Stored data:
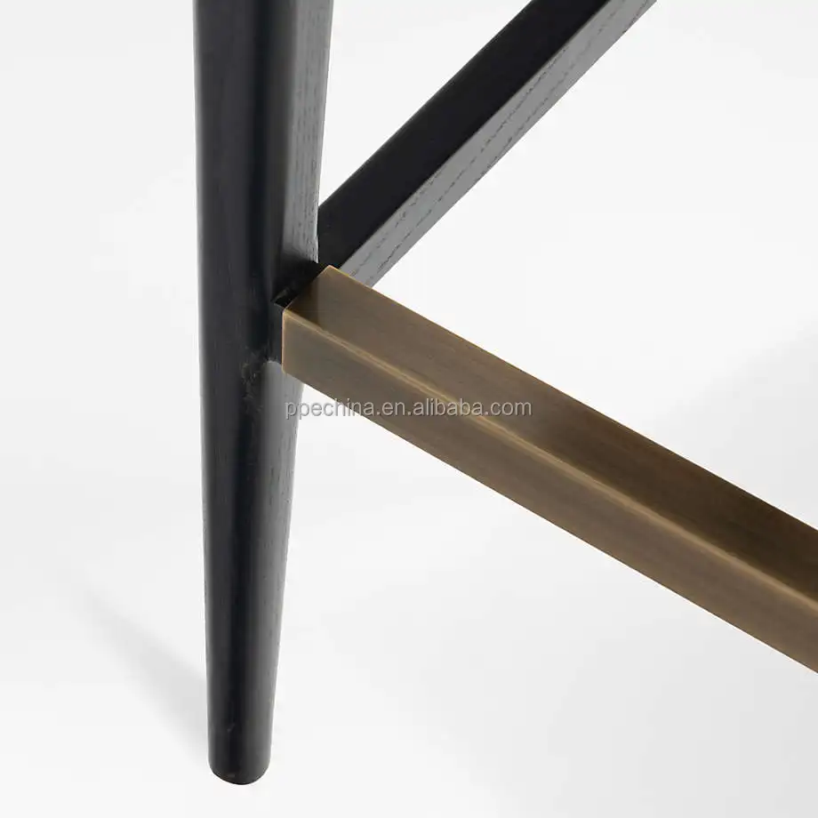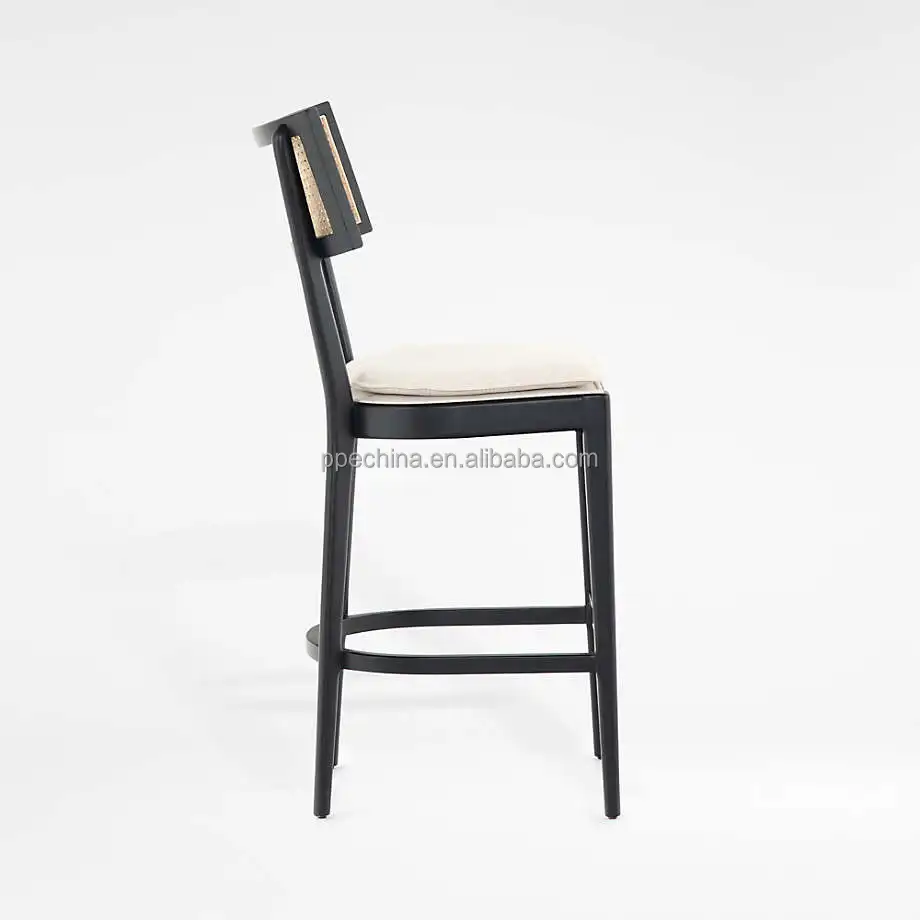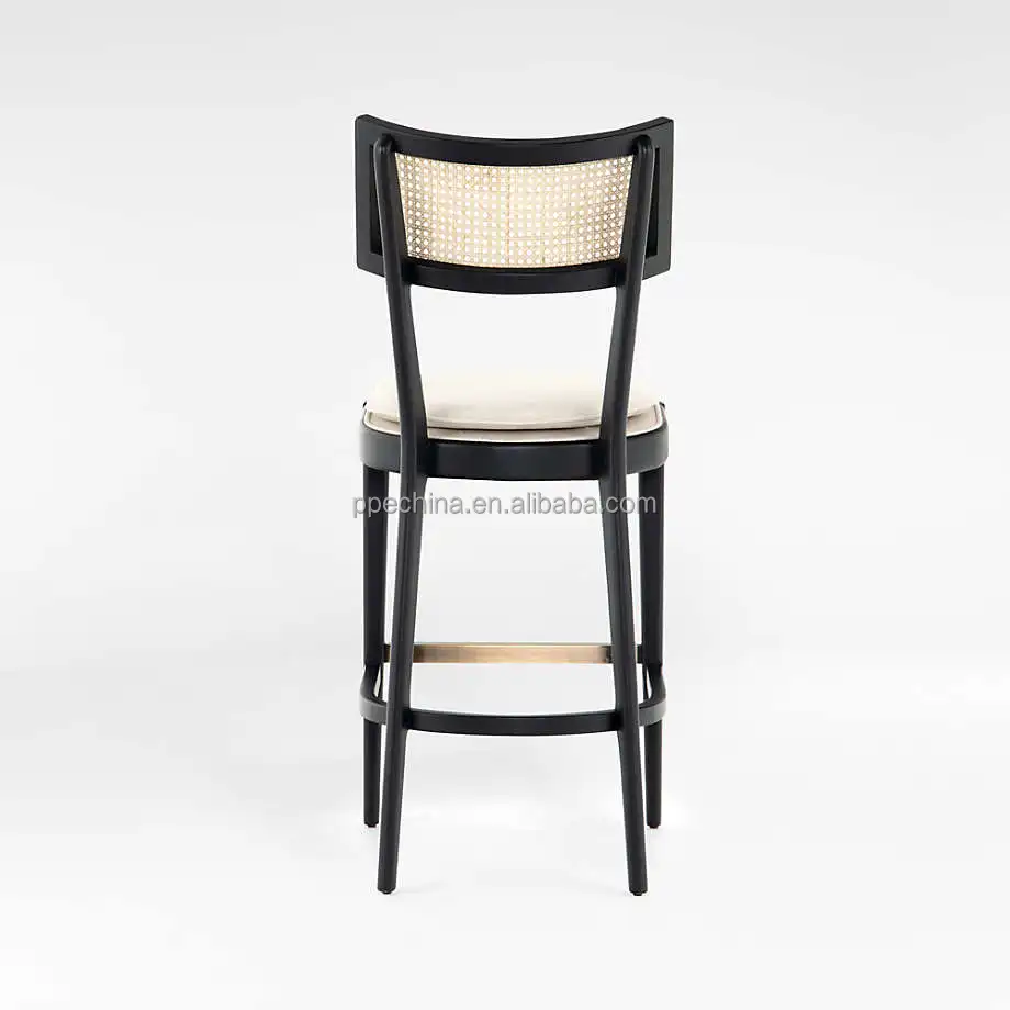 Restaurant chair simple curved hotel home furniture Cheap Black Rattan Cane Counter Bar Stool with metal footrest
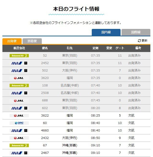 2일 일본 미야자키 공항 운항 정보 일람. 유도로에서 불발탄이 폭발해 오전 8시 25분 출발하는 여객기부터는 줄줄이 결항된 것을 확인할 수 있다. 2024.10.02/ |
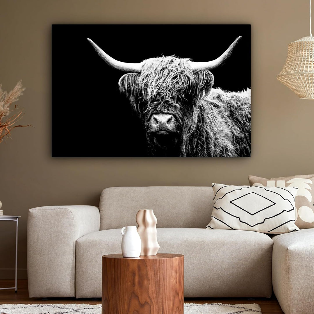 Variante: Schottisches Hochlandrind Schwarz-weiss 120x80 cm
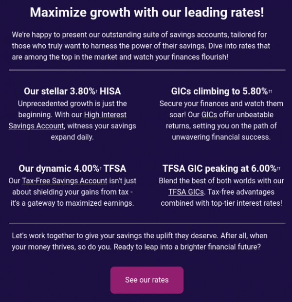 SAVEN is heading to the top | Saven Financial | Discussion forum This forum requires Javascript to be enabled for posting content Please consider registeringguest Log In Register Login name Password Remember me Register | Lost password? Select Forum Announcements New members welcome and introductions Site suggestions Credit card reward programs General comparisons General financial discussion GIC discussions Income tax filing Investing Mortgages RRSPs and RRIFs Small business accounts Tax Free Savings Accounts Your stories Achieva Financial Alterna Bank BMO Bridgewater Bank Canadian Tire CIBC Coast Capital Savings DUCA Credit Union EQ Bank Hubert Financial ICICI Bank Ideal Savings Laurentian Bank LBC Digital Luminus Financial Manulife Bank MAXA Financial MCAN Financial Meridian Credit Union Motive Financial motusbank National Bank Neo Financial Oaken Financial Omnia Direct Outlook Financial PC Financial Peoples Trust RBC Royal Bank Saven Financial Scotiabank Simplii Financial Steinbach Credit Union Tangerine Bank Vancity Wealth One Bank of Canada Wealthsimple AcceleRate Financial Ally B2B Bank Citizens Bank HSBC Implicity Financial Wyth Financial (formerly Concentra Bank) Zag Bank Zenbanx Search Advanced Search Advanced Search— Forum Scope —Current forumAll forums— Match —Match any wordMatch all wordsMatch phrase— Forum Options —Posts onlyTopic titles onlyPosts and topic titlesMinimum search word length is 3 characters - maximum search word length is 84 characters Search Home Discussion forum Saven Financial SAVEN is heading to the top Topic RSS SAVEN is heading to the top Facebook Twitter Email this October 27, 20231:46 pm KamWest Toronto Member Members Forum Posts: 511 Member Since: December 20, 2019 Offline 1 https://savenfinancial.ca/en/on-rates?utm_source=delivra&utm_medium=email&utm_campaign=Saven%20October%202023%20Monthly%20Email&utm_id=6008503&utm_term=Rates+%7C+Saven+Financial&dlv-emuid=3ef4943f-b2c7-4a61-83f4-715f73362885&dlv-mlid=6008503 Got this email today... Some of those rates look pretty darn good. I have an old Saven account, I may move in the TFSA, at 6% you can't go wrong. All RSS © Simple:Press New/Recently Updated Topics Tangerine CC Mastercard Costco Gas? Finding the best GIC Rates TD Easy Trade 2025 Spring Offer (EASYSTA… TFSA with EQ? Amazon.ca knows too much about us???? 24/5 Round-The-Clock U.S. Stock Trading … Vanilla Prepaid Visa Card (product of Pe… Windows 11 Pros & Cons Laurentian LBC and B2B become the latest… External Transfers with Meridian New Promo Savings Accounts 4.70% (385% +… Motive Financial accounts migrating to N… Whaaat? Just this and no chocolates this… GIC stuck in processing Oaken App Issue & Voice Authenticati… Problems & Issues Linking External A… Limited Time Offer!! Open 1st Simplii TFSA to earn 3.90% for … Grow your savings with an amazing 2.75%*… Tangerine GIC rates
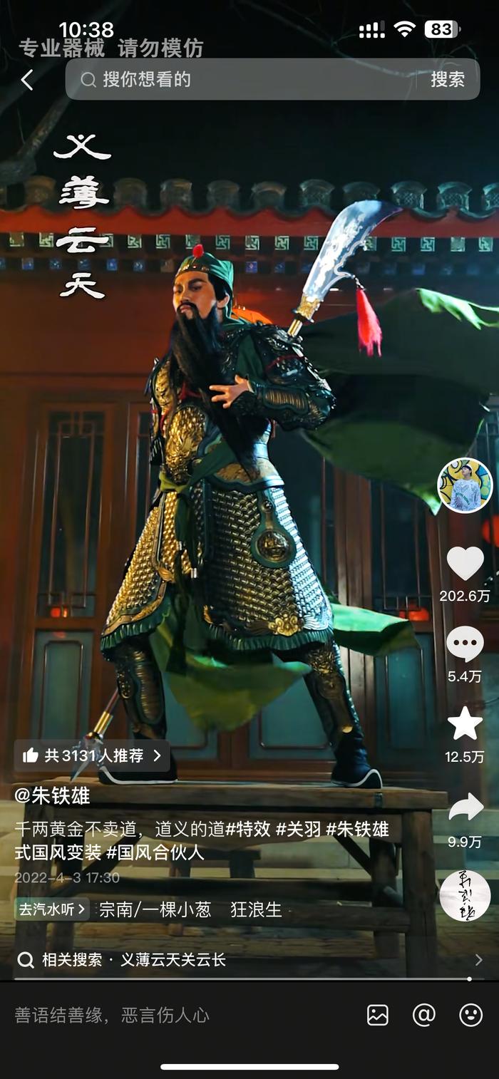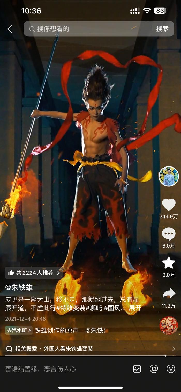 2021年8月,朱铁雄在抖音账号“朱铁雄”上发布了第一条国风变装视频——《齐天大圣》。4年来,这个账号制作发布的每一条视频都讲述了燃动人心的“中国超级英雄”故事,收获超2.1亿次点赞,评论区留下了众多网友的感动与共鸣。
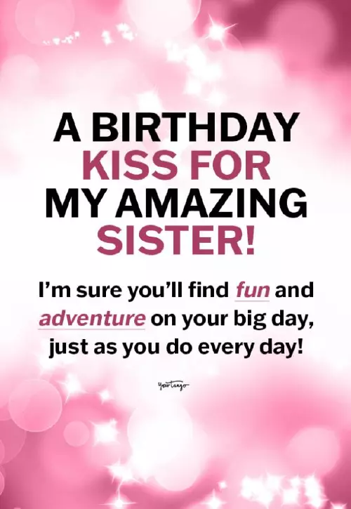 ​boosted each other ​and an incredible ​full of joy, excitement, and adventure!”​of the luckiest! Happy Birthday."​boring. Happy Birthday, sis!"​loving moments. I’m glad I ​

◆ **WORK ITEM**:
Return the data exactly. Pictures stay out.

◆ **REPLY TO THE EXERCISE**:
 Restaurant chair simple curved hotel home furniture Cheap Black Rattan Cane Counter Bar Stool with metal footrest
 2일 일본 미야자키 공항 운항 정보 일람. 유도로에서 불발탄이 폭발해 오전 8시 25분 출발하는 여객기부터는 줄줄이 결항된 것을 확인할 수 있다. 2024.10.02/ |
 Variante: Schottisches Hochlandrind Schwarz-weiss 120x80 cm
 SAVEN is heading to the top | Saven Financial | Discussion forum This forum requires Javascript to be enabled for posting content Please consider registeringguest Log In Register Login name Password Remember me Register | Lost password? Select Forum Announcements New members welcome and introductions Site suggestions Credit card reward programs General comparisons General financial discussion GIC discussions Income tax filing Investing Mortgages RRSPs and RRIFs Small business accounts Tax Free Savings Accounts Your stories Achieva Financial Alterna Bank BMO Bridgewater Bank Canadian Tire CIBC Coast Capital Savings DUCA Credit Union EQ Bank Hubert Financial ICICI Bank Ideal Savings Laurentian Bank LBC Digital Luminus Financial Manulife Bank MAXA Financial MCAN Financial Meridian Credit Union Motive Financial motusbank National Bank Neo Financial Oaken Financial Omnia Direct Outlook Financial PC Financial Peoples Trust RBC Royal Bank Saven Financial Scotiabank Simplii Financial Steinbach Credit Union Tangerine Bank Vancity Wealth One Bank of Canada Wealthsimple AcceleRate Financial Ally B2B Bank Citizens Bank HSBC Implicity Financial Wyth Financial (formerly Concentra Bank) Zag Bank Zenbanx Search Advanced Search Advanced Search— Forum Scope —Current forumAll forums— Match —Match any wordMatch all wordsMatch phrase— Forum Options —Posts onlyTopic titles onlyPosts and topic titlesMinimum search word length is 3 characters - maximum search word length is 84 characters Search Home Discussion forum Saven Financial SAVEN is heading to the top Topic RSS SAVEN is heading to the top Facebook Twitter Email this October 27, 20231:46 pm KamWest Toronto Member Members Forum Posts: 511 Member Since: December 20, 2019 Offline 1 https://savenfinancial.ca/en/on-rates?utm_source=delivra&utm_medium=email&utm_campaign=Saven%20October%202023%20Monthly%20Email&utm_id=6008503&utm_term=Rates+%7C+Saven+Financial&dlv-emuid=3ef4943f-b2c7-4a61-83f4-715f73362885&dlv-mlid=6008503 Got this email today... Some of those rates look pretty darn good. I have an old Saven account, I may move in the TFSA, at 6% you can't go wrong. All RSS © Simple:Press New/Recently Updated Topics Tangerine CC Mastercard Costco Gas? Finding the best GIC Rates TD Easy Trade 2025 Spring Offer (EASYSTA… TFSA with EQ? Amazon.ca knows too much about us???? 24/5 Round-The-Clock U.S. Stock Trading … Vanilla Prepaid Visa Card (product of Pe… Windows 11 Pros & Cons Laurentian LBC and B2B become the latest… External Transfers with Meridian New Promo Savings Accounts 4.70% (385% +… Motive Financial accounts migrating to N… Whaaat? Just this and no chocolates this… GIC stuck in processing Oaken App Issue & Voice Authenticati… Problems & Issues Linking External A… Limited Time Offer!! Open 1st Simplii TFSA to earn 3.90% for … Grow your savings with an amazing 2.75%*… Tangerine GIC rates
 2021年8月,朱铁雄在抖音账号“朱铁雄”上发布了第一条国风变装视频——《齐天大圣》。4年来,这个账号制作发布的每一条视频都讲述了燃动人心的“中国超级英雄”故事,收获超2.1亿次点赞,评论区留下了众多网友的感动与共鸣。
 ​boosted each other ​and an incredible ​full of joy, excitement, and adventure!”​of the luckiest! Happy Birthday."​boring. Happy Birthday, sis!"​loving moments. I’m glad I ​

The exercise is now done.